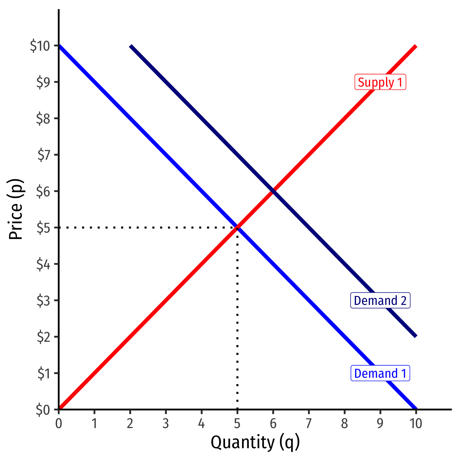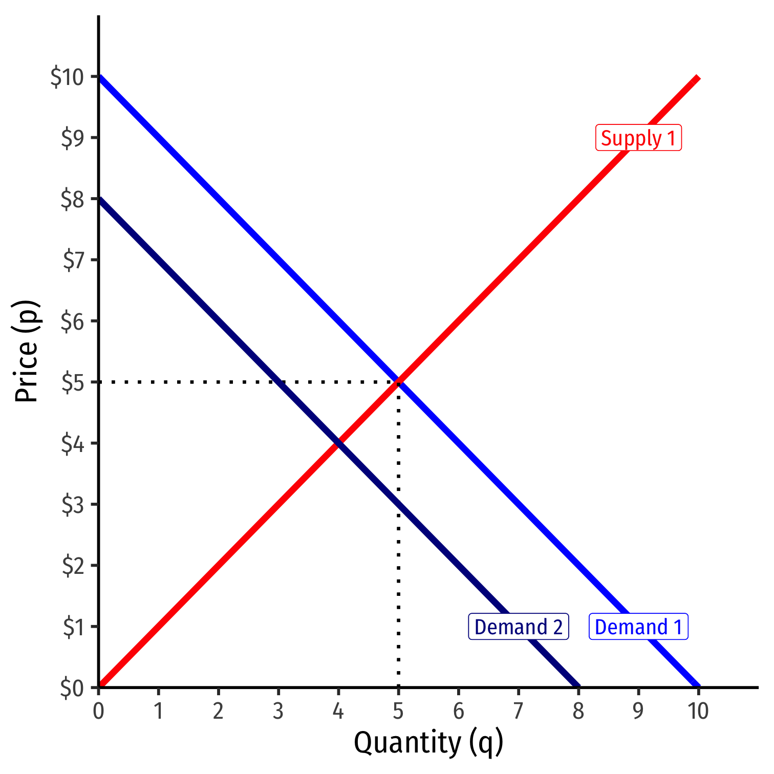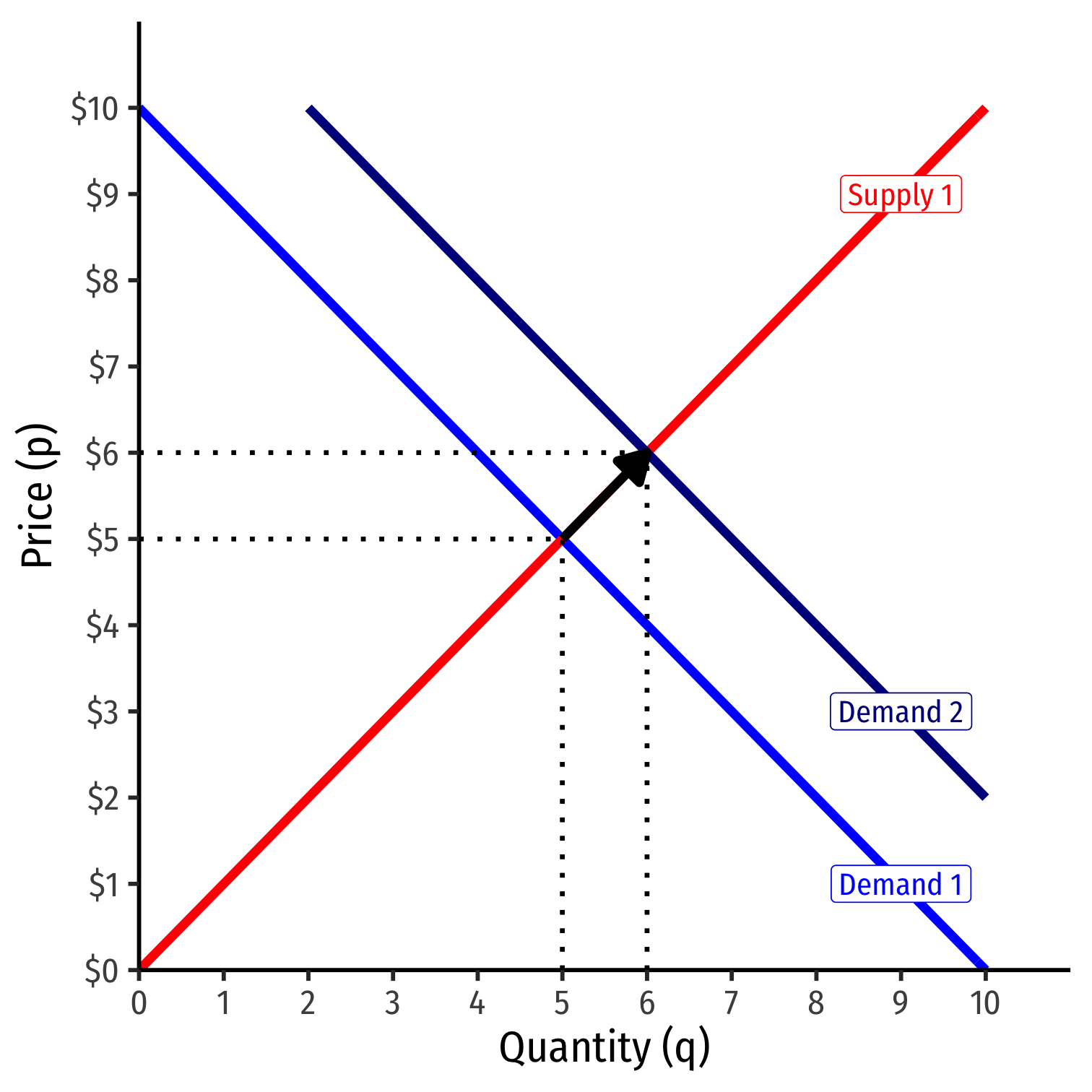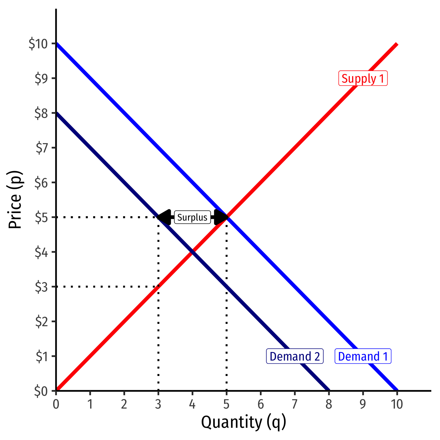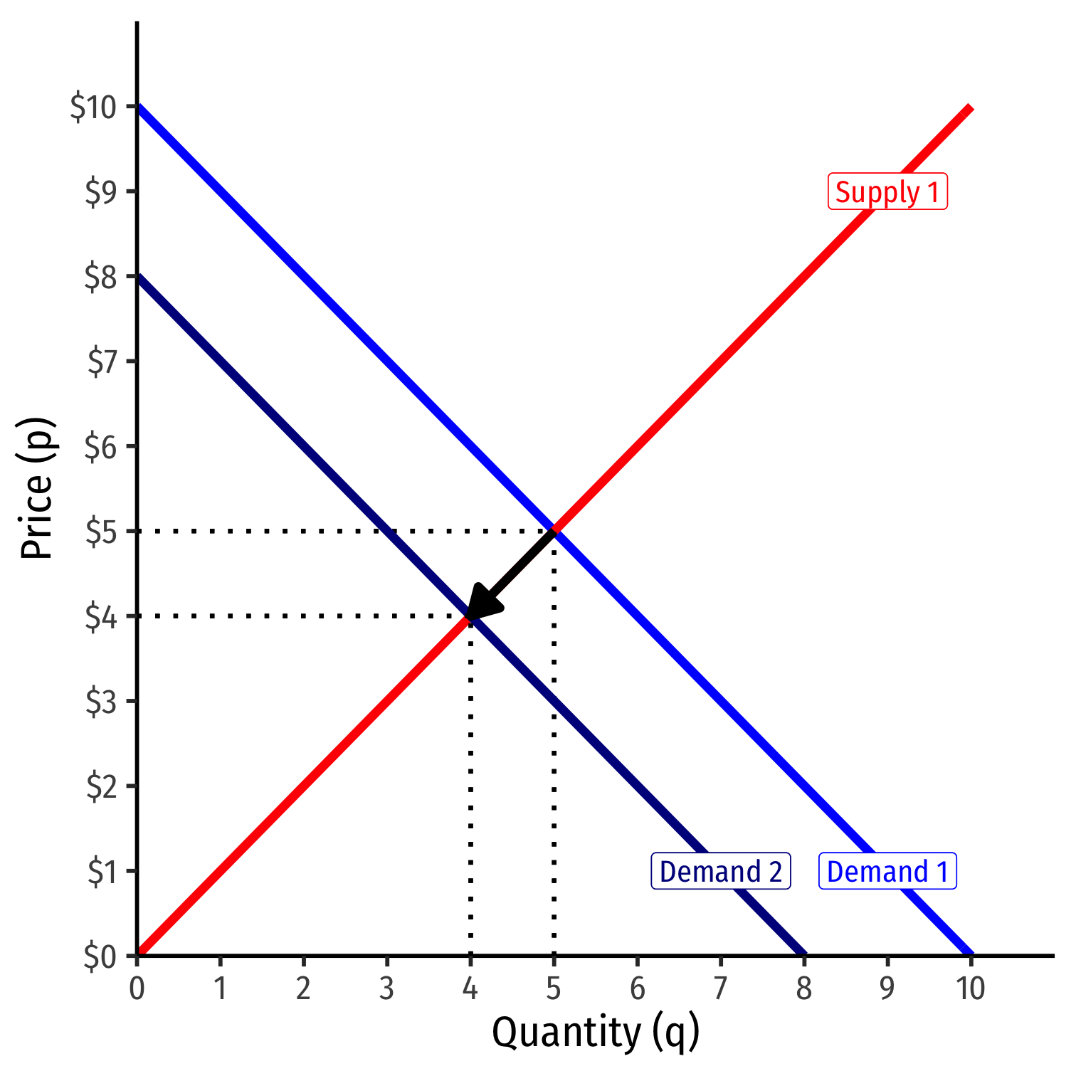 If the market price (p) changes (perhaps because supply changes), that results in a change in quantity demanded (qD)
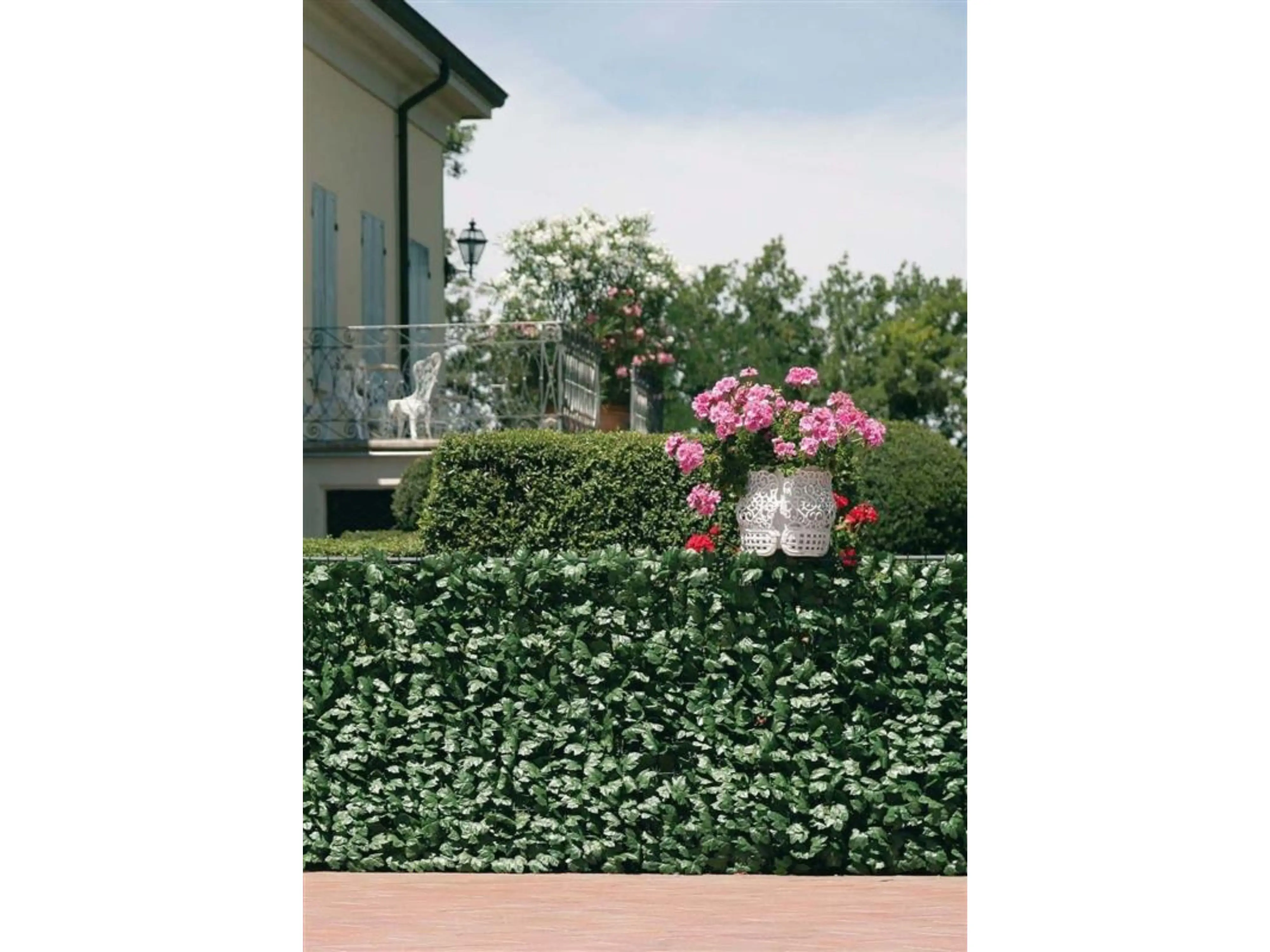 Dit decoratieve scherm bestaat uit een kunststof net in combinatie met kunststof klimopbladeren. Het groene scherm kan gebruikt worden tegen een tuinmuur, aan een ballustrade of om een bepaalde zone van de tuin af te schermen. Eenmaal het groene scherm bevestigd is, ziet het er uit zoals een met klimop begroeide wand.
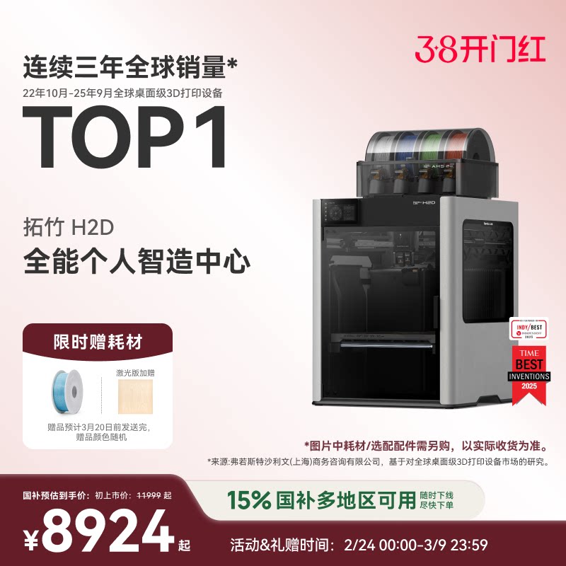拓竹H2D 3D打印机 激光雕刻模切画笔四合一 高精度大尺寸 家用多色 旗舰新品【大陆版】
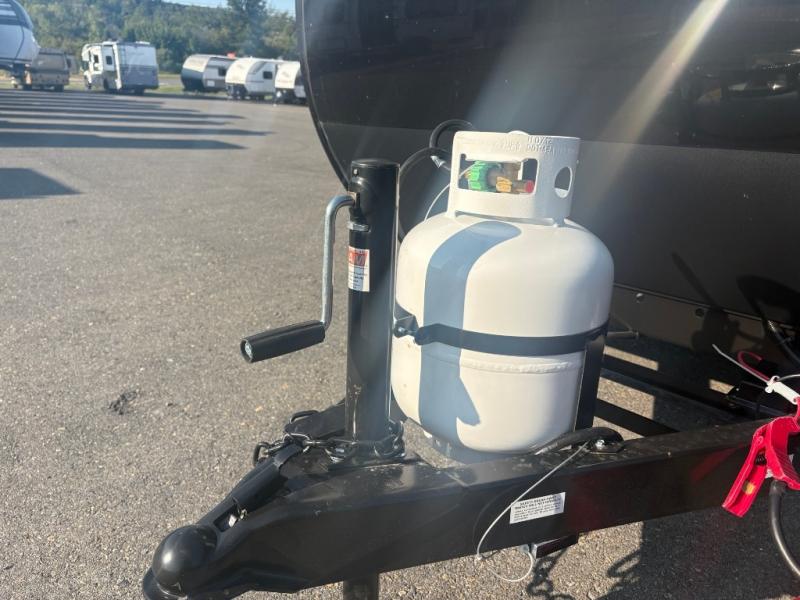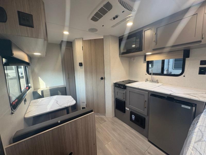 This cozy travel trailer with a front full bed is sure to feel just like home. There is a private bath with a shower and toilet so won't have to use the camp's facilities, and a booth dinette provides dining and additional sleeping space for one adult or two small children. The two burner cooktop and microwave oven will let you make meals each day, and there is a refrigerator to keep perishables fresh. When you're ready for some fresh air, grab your hiking gear from the exterior trunk door and head for the trails!
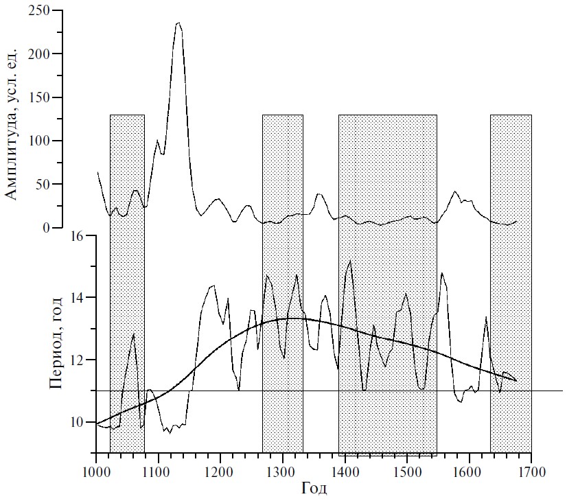 Рис. 4. Изменения периода и амплитуды 11-летней составляющей во времени (1000—1700 гг.). Прямоугольные области соответствуют гранд-минимумам. Черная жирная линия — тренд.

* * *

■ **Your instructions**
Leave out the pictures and output every record above precisely as given.

■ **Solution**
 If the market price (p) changes (perhaps because supply changes), that results in a change in quantity demanded (qD)
 Dit decoratieve scherm bestaat uit een kunststof net in combinatie met kunststof klimopbladeren. Het groene scherm kan gebruikt worden tegen een tuinmuur, aan een ballustrade of om een bepaalde zone van de tuin af te schermen. Eenmaal het groene scherm bevestigd is, ziet het er uit zoals een met klimop begroeide wand.
拓竹H2D 3D打印机 激光雕刻模切画笔四合一 高精度大尺寸 家用多色 旗舰新品【大陆版】
 This cozy travel trailer with a front full bed is sure to feel just like home. There is a private bath with a shower and toilet so won't have to use the camp's facilities, and a booth dinette provides dining and additional sleeping space for one adult or two small children. The two burner cooktop and microwave oven will let you make meals each day, and there is a refrigerator to keep perishables fresh. When you're ready for some fresh air, grab your hiking gear from the exterior trunk door and head for the trails!
 Рис. 4. Изменения периода и амплитуды 11-летней составляющей во времени (1000—1700 гг.). Прямоугольные области соответствуют гранд-минимумам. Черная жирная линия — тренд.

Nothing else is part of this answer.